【ショートストーリー】「過ぎたる日の祈り」

藍埜佑(あいのたすく)

【ショートストーリー】「過ぎたる日のための祈り」

 一人の老修道士がいた。名は光輝。

 彼が長年心を寄せていた画家がいた。名は颯真。

 年老いた光輝は、港を見下ろす古びた教会の一角で瞑想にふけっていた。

 彼の心は、かつての友である颯真に今も囚われている。

 颯真は若い頃、宗教画で名を馳せていたが、時代の流れに埋もれ、今やその名も忘れ去られつつあった。

 ある日、光輝は颯真からの手紙を受け取る。

 その内容は、彼の最後の作品となる絵を見てほしい、というものだった。

 久々の再会に心を躍らせながらも、光輝には過去、颯真との間に複雑な感情があった。

 彼らの若き日には共に思索し、また鋭く対立した日々があったのだ。

 光輝と颯真は青春期に宗教と芸術について熱心に討論した。

 絵画を通じて神を表現しようとする颯真と、修道士として神の教えを深く追究する光輝は、時に激しく意見が衝突した。

 颯真が絵画で神を表現することの困難さを訴える一方で、光輝はそうした創造物が神聖なるものと何が異なるのか、と常に問いかけた。

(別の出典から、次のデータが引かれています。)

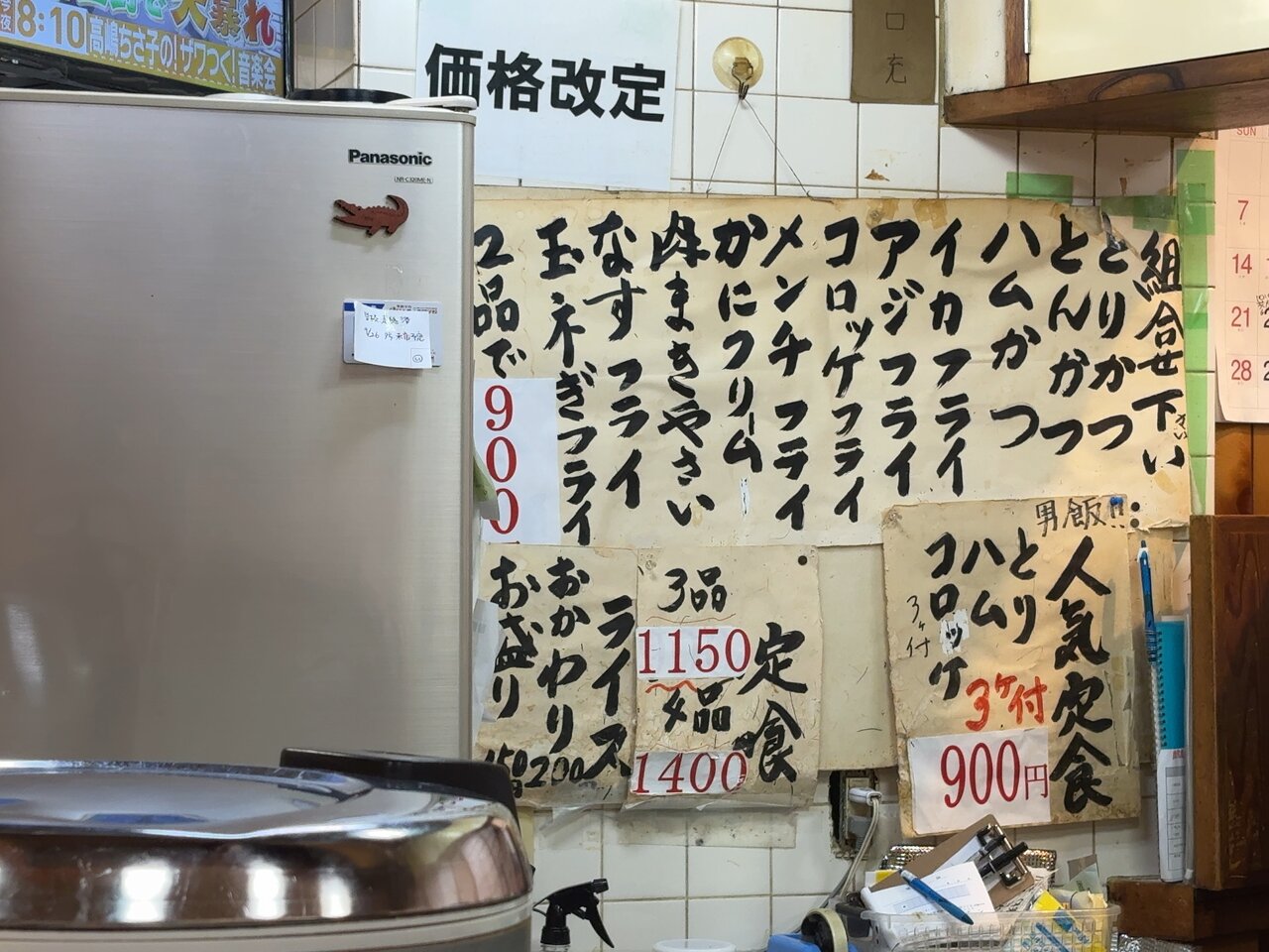 11時になり、入店。V字型のカウンターと小さなテーブルが迎えてくれ、お茶や箸をセルフで用意するスタイルが懐かしい定食店らしさを感じます。壁に並ぶ年季の入った手書きメニューが、この店の歴史を物語っていました。

 若き日の自らの行状と言葉を光輝は目を瞑って思い出した。



 颯真のアトリエは人知れぬ山奥にあった。

 光輝が所作に余裕を持って工房のドアを叩くと、中からは颯真の懐かしい声が響いてきた。

「入れ。久しいな、光輝」

 ドアを開けると、光輝は一枚の壮大な画布に目を奪われた。

 颯真の工房に辿り着いた光輝を待っていたのは、一枚の大きな画布だった。

 その上には、彼らの青春時代を描いた街の風景が描かれていた。

 彼らの議論、笑い、そして時折見せた涙までが色彩になっていた。

「これが、私の遺作だ」

 颯真の声は静かだったが、眼には若い頃と同様の力があった。

 そして沈黙の後、二人の対話は静かに始まった。

「颯真、お前の絵は相変わらず人の心を打つ」

 光輝は感慨深げに言った。 颯真は微笑みながら応じた。

「時間が色を変える。絵も人の心もな」

 光輝がさらに問うた。

「この絵に込めた君の思いは何だ?」

「ああ、これは……」

 颯真の表情が一瞬曇る。

「ようやく理解したんだ。人生というものは、信仰だけでなく、もっと多くの色で塗り分けられるものだとね」

 光輝はゆっくりと頷いた。

「我々は長い間、神の意志を模索してきた。しかし、真実は常に一つではない」

 颯真の目が輝き、言葉を引き受けた。

「正にそうだ。私は画を通して、その多面性を表現しようとした。光と影、喜びと悲しみ、全てが共存する」

「だが、私の見るところ、かなり悲しみの色が強いようだが?」

 光輝が指摘すると、颯真はため息をついた。

「人はいつでも悲しみを隠そうとする。だがそれを認め、受け入れることこそが、真の解放への道ではないか。私はそう思う」

 光輝がその言葉を反芻する。

「人は過去に縛られ易い。お前の絵はそんな我々に、変わり行く未来を受け入れろと教えているようだ」

 颯真は立ち上がり、光輝の肩を抱くと言った。

「友よ、そうだ。我々が交わしてきた議論、笑い、涙……全てはこの画布の一部だ。そして最後には、終わりを受け入れなくてはなない。私の最期は、近い」

 そのあと、二人の間にはただ沈黙が流れた。

 沈黙は深い理解だった。



 かつて私たちが共有した時間、それは今や遠い昔の話となった。

 あの日、颯真の工房を訪れた際、彼の最後の作品となる絵をわたしは目の前にした。

 そしてそれは今、颯真から譲り受け、私の部屋にある。

 颯真はもういない。

 ただその魂である絵だけがここに、ある。

 私は絵の前にひざまずき、静かに祈りを捧げた。

 まるで彼がその街角に描いた一筆一筆が、颯真の言葉となって私の耳にささやいているようだった。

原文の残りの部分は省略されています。